Le salon des chevaliers du château d'Augustusburg

Le prince électeur et archevêque de Cologne Clemens August (1700-1761) fit planifier une résidence d’été à Brühl à partir de 1725. Après avoir fait remplacer l’architecte Johann Conrad Schlaun par François de Cuvilliés, les vastes travaux commencèrent en 1728. Clemens August disposait d’un goût exquis et ne reculait devant aucune dépense ni effort pour la décoration de ses châteaux. Il engagea des artistes de renom comme Carlo Carlone ou l’architecte Balthasar Neumann. Pour la salle dite des chevaliers du château d’Augustusburg, Clemens August a choisi une tapisserie en cuir doré de grande valeur. Cette pièce a été utilisée à partir de 1730 et servait d’accès à ce que l’on appelait l’appartement d’hiver.

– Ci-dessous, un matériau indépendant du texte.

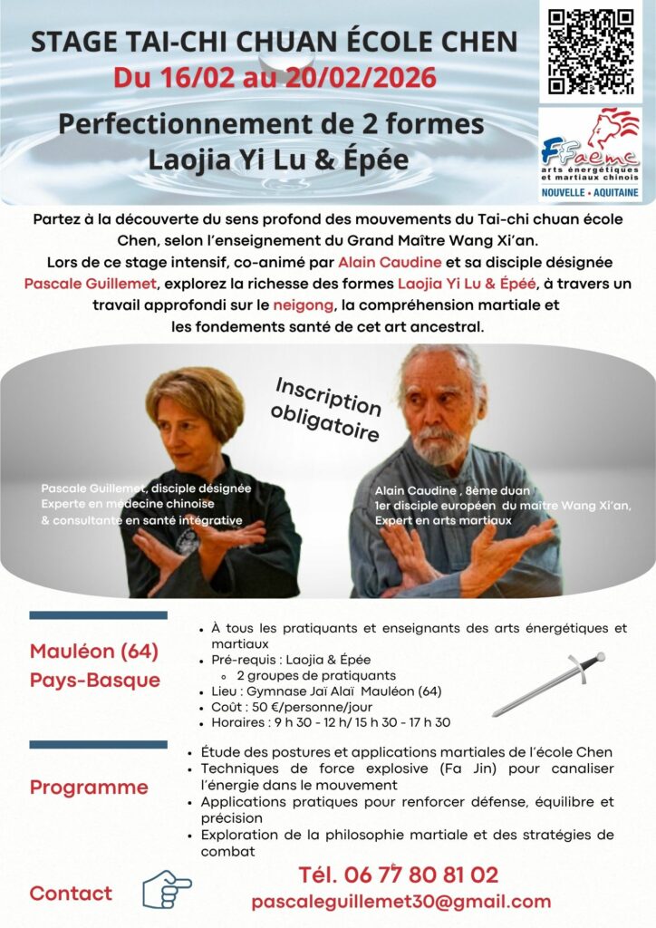 Ce stage intensif s’adresse aux pratiquants et enseignants d’arts énergétiques et martiaux, avec comme thèmes : Épée et Laojia Yi Lu. Il se déroulera au Gymnase Jaï Alaï à Mauléon (64) et sera co-animé par Alain Caudine, 8ème duan et 1er disciple européen du Grand Maître Wang Xi’an, et Pascale Guillemet, sa disciple désignée, experte en médecine chinoise et consultante en santé intégrative.

En ce qui concerne le papier peint en cuir doré qui se trouve aujourd’hui dans la pièce, la question de savoir s’il s’agit de la tapisserie d’origine de la pièce est controversée. Des études montrent toutefois clairement que la tenture en cuir doré de Bruges est composée de deux tapisseries aux motifs différents. Alors que tous les carrés de champ présentent le même motif, la frise finale supérieure est composée de panneaux coupés en deux d’un autre motif. D’un point de vue chronologique, les motifs peuvent toutefois être datés à peu près de la même manière. Les inventaires du XVIIIe siècle font état d’un papier peint en cuir, d’une table de billard et de trois peintures sur supratexte représentant des natures mortes de chasse et d’armes. Au 19e siècle, ces trois peintures au-dessus des portes ont été remplacées par des représentations montrant des enfants d’une lignée secondaire de Wittelsbach.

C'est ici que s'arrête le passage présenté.